Paartherapie braucht es also oft für ein realistisches Beziehungs-Lernen: Was muss ich, musst Du ändern oder entwickeln, damit unverzichtbare Ansprüche an die Beziehung realisiert werden können? Und welche unrealistischen Bilder und Vorstellungen von Beziehung und Partnerliebe müssen abgebaut werden, damit wir an ihnen nicht scheitern? Brauchbare Antworten darauf gibt es nicht aus dem Rezeptbuch. Sie müssen individuell und auf den Einzelfall bezogen gesucht und entwickelt werden.
Ich darf am Ende des Berichtsjahres mit Genugtuung feststellen, dass dort, wo Paare wirklich bereit waren, sich mit mir gemeinsam auf diesen Entwicklungsprozess einzulassen und – bei allen Enttäuschungen und Verletzungen – erneut um Verständigung zu ringen und neue Wege zu suchen, dass dort meine Unterstützung und Begleitung oft nützlich und manchmal auch erfolgreich war.

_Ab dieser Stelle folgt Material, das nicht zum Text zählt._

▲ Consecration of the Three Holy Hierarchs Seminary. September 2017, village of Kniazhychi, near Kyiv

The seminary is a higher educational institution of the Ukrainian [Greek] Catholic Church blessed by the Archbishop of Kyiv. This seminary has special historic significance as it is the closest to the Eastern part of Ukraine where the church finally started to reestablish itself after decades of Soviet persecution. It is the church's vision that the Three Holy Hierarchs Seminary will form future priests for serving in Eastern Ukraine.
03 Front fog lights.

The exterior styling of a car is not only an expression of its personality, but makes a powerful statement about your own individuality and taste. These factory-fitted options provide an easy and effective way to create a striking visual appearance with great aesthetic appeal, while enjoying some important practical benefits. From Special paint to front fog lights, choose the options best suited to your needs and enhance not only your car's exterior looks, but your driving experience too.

Das möchte ich auch denen sagen, welche die finanziellen Mittel zur Verfügung stellen. Sie sollen wissen, dass sie ihr Geld mit Gewinn in eine wichtige und lohnende Aufgabe investiert haben. Und sie sollen ebenfalls wissen, dass ich für diese Bereitschaft grosse Dankbarkeit empfinde. Und wenn die Träger der Beratungsstelle sich zu Recht auch für die im Anhang aufgeführten Zahlen interessieren, werden sie mit Genugtuung feststellen, dass die Dienste der «Ehe- und Familienberatung Rheintal» im abgelaufenen Jahr – wie schon immer – in hohem Mass gefragt waren.

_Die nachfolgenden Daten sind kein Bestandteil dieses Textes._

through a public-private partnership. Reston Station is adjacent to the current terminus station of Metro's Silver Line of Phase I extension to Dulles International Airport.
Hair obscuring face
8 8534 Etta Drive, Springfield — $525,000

Woran ich an dieser Stelle wieder einmal ausdrücklich erinnern möchte: Die «Ehe und Familienberatung Rheintal» ist eine spezialisierte Stelle, die sich hauptsächlich mit Beziehungsfragen rund um Partnerschaft und Familie befasst. Sie wird weitgehend von den beiden Landeskirchen getragen und versteht ihr Angebot als moderne Form kirchlicher Diakonie. Damit ist sie in keiner Art ein konkurrierendes, sondern ein ergänzendes Angebot in der Kette sozialer Institutionen der Region. Gerade ihr klares weltanschauliches Profil macht sie für eine Reihe von Klientinnen und Klienten zu einer beliebten Adresse, wenn es gilt, Rat und Unterstützung bei Lebens-, Paar- und Familienfragen zu suchen.